What is not immediately obvious is the impact Lucy’s choices have on her family, as well as Kate and Chip’s marriage. Thayer leads the reader to an uneasy suspicion about the consequences of Lucy’s actions that is, tragically, eventually confirmed. Rather than providing a shocking, unforeseen plot development, Thayer provides one that is predictable. The reading pleasure comes not from guessing the outcome, but observing how the characters deal with it once it is revealed.

That is where Between Husbands and Friends falters. Lucy is compelled to reveal the truth for the sake of all concerned. The reactions of the other characters do not ring true, however, especially in Max’s case. His behavior is inconsistent with the man the reader has come to know up to that point. Since he has a well-documented history of depression that leads to withdrawal, his response is not believable and, for that reason, Thayer allows her story to slide into the kind of melodramatic cliche from which she had, at least up to that point, judiciously steered clear. To her credit, it is mercifully brief and the novel, as a whole, survives her foray into a plot detour worthy of any daytime soap opera.

Between Husbands and Friends is ultimately an exploration of two key themes: What it means to be a parent and love an innocent child unconditionally, despite what the adults in that child have intentionally or unintentionally wrought; and our capacity to forgive when we truly love. Thayer’s thesis — that human relationships can survive virtually any challenge if they are, at the outset, strong enough — is explored through the story of four flawed adults who, despite their shortcomings, care for each other deeply but love their children boundlessly.
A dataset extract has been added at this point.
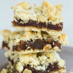 Entre el dulce relleno de dátiles con un toque de sabor y las cortezas crujientes por debajo y por encima, estas barritas son una delicia fantástica. Si los corta más pequeños, serían una gran adición a cualquier bandeja de galletas de Navidad. ¡Sí, ya tengo la Navidad en la cabeza!
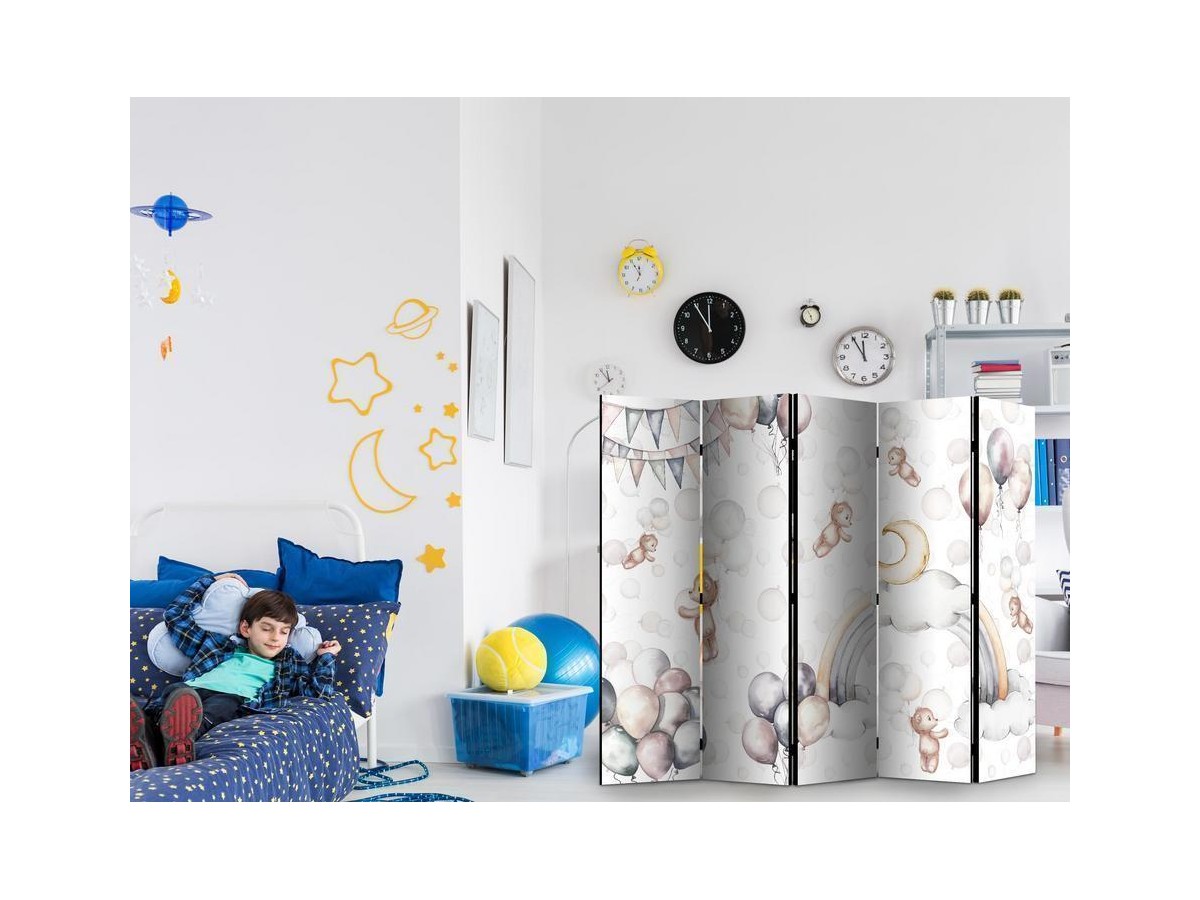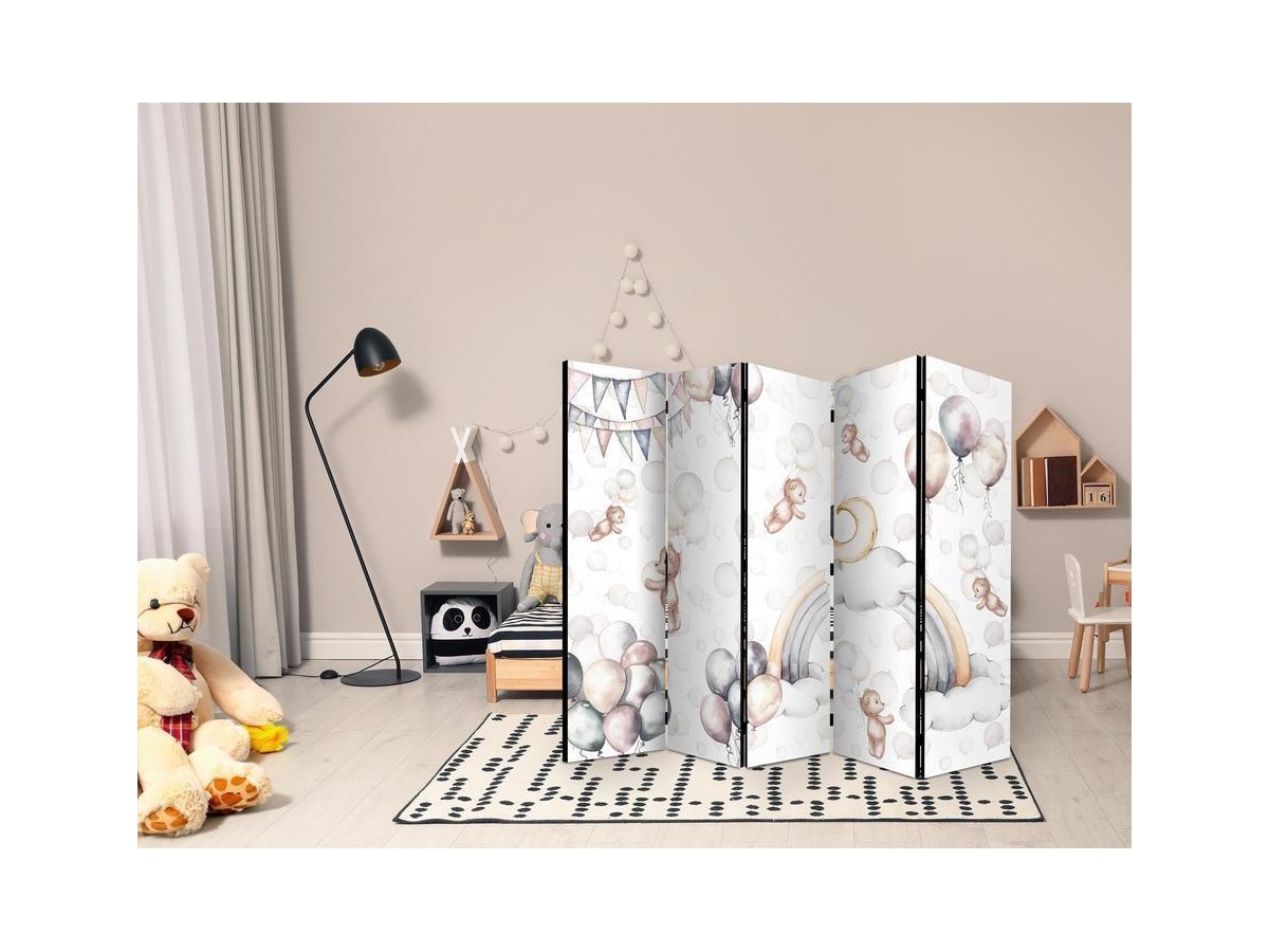 Les paravents décoratifs sont certainement une idée originale dans le domaine de la décoration intérieure. Les paravents remplissent un rôle décoratif, mais aussi bien pratique et fonctionnel. En effet, un paravent intérieur "Paravent - Plush Bears with Balloons - Flying Light-Brown Bears Among Balloons - Clouds - and Rainbows in Subdued - Pastel Hues" est un meuble formant une cloison amovible et repliable qui peut servir pour délimiter un espace et diviser une grande pièce en deux espaces séparés. Le paravent intérieur est une invention qui est apparue pour la première fois en Chine. Depuis le début de leur existence, les paravents remplissaient des différentes fonctions, comme protéger contre les courants d'air ou bien encore créer un espace isolé pour l'intimité. De nos jours, le paravent intérieur est une belle décoration intérieure, qui permet aussi de gérer l'espace d’une ou de plusieurs pièces selon notre volonté. Le paravent intérieur est également utilisé dans les locaux de service, comme un coiffeur, un cabinet médical ou un bureau comptable pour créer un espace propice à l’intimité ou bien encore à la concentration.

That is why Lucy is, from the reader’s perspective, a forgivable “every woman.” As parents and marital partners, the reader can relate, if not to Lucy’s specific behavior, to her self-doubt and smaller scale failures. Between Husbands and Friends succeeds because it is fun to read about characters to whom one can relate on a variety of levels, all the while realizing that, despite one’s own problems, at least they aren’t as monumental as those the characters are facing. Thayer also wisely brings the story to a believable, but not full resolution, leaving the reader to ponder the characters’ fate. Humpty Dumpty’s pieces can be glued back in place, but there will always be visible lines where those pieces of him were fit neatly back together. So, it seems, it will be with Lucy, Max, and company.

If you’re looking for an engrossing book about the frailty but resilience of human relationships to read this summer while on the beach, by the pool, on a mountain top . . . or while enjoying the shade of a lovely tree in your own backyard, Between Husband and Friends fits the bill.

You may also enjoy my reviews of Beachcombers and The Hot Flash Club, also by Nancy Thayer.

8 Comments

  1. I had read one other book that was told in present time and then flashbacks thru alternating chapters and loved it. It is a tool to propel the reader forward and also, if there was the chance, an easy adaption for stageplays.
    I am anxious to hear about “Tattoos On The Heart”; both the name and cover imagery have me captured!

    XXOO!!
    Anne

  2. Thanks for participating in The Saturday Network!

    And, wow, very thorough review. Not my type of book, but thanks anyways. (:

  3. Ah! This book does seem like an engrossing one!

    Your statement about how it is fun to read about characters with bigger problems than your own is how I used to explain my long-ago love of soap operas! LOL!

    Thanks for such a well thought out review!

    • JHS

      Ah, soap operas . . . brings back memories of evenings spent rewinding a videotape & sitting down to watch my very dear, late friend, Clint Ritchie as “Clint Buchanan” on “One Life to Live.” Those were fun times. These days, it seems like the airwaves are filled with soap operas, but not the daytime variety we loved back then. Now it’s reality tv soap opera drama!